Michel Drouin’s reflections on growing up in mid-century Port Hardy make for a fascinating read.

Drouin, who lived in the rural northern Vancouver Island town from 1953 to 1977, decided to write a memoir about his youth, primarily because he had previously written “five unsuccessful fiction novels that didn’t go anywhere,” he stated with a laugh.

“Then I thought, ‘why don’t I write a non-fiction book, that way I won’t have to make anything up’ — well, not much, anyway.”

Drouin realized quickly on that if he sat down and wrote “a good story about growing up in Port Hardy,” that a local publishing company would “probably be interested in picking it up.”

That’s exactly what happened. Drouin spent around six months writing his first-draft manuscript, which he submitted to Harbour Publishing, and it was then published after about a year’s work under the title “Past the End of the Road: A North Island Boyhood”.

According to Drouin, the book is not just about growing up in an isolated, rugged little coastal community, but it’s also “laced with Indigenous history going back 8,000 years and an account of the boom/bust of the logging, fishing and mining in the area at the time the book takes place.”

Drouin’s story began in 1947, five years before he was born, when his father moved to B.C. from Quebec.

“He’d worked on the log drives over there so he was a natural at working on floating logs on the water,” he said, noting his father ended up in Port Hardy after working in Haida Gwaii for a few months in 1953. He was actually flying back home to Vancouver when they had to stop overnight in Port Hardy along the way.

While there, checking in at the logging camp, he was quickly offered a job on the boom and a house for his family, which he accepted immediately. His family moved from Vancouver to join him months later.

“My father liked the fishing opportunities and he liked the idea that you could just walk out of your house and go deer hunting,” Drouin said. “It was a quiet life away from the city where he could do all the outdoor opportunities he used to enjoy when he was growing up in Quebec.”

Drouin noted he grew up in a little home that was situated along the shore between Fisherman’s Wharf and the Glen Lyon River, which is long gone now.

“Approximately where the Glen Lyon parking lot is now is where one of the houses we lived in was,” he said as he reminisced on his childhood, “and approximately where the seaplane base is now is where another house we lived in was.”

His earliest memories of Port Hardy are going down to the shore and finding baby crabs and slithery eels, but also the “hustle and bustle of the grocery store, Scott’s store, which was really the center of the community.”

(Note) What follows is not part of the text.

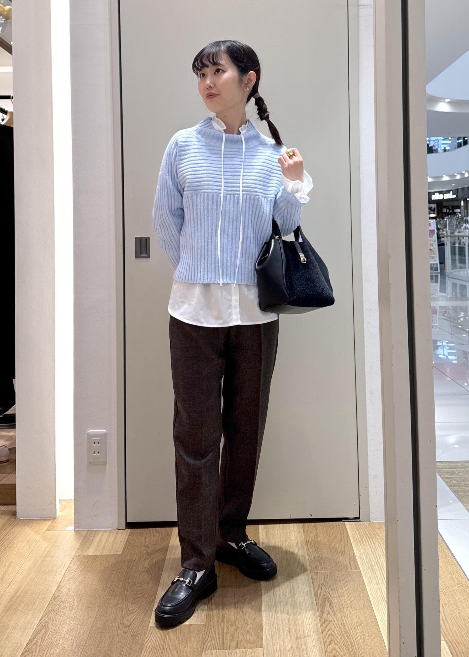 さらっとした手触りのサマーニットは接触冷感で、羽織りで着ているブルゾンも透け感のある薄手の素材で、暑い日が続くこれからの時期におすすめ◎
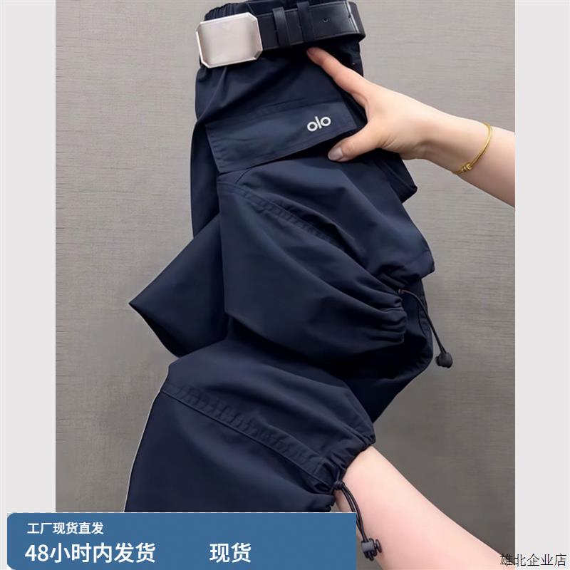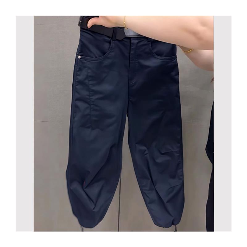 黑色休闲裤女2025秋季新款大码高腰宽松弯刀哈伦裤九分束脚工装裤

Drouin estimated Port Hardy’s population in the late 1950’s, early 1960’s was around “400-500 people,” and because they had built the Robert Scott School in 1955 just two years after he was born, “it was always there as long as I can remember.”

He said he spent much of his childhood wandering up the Quatse River.

“I would walk all the way there from the Glen Lyon River where we lived,” he said. “There were logjams in the water from logging debris that had washed downstream, so my friends and I would bring along fishing line and a hook and try to catch the large cutthroat trout, but we could never convince them to bite.”

During the fall season, they would go and watch the salmon spawning and “dodge bears that were doing the same thing.”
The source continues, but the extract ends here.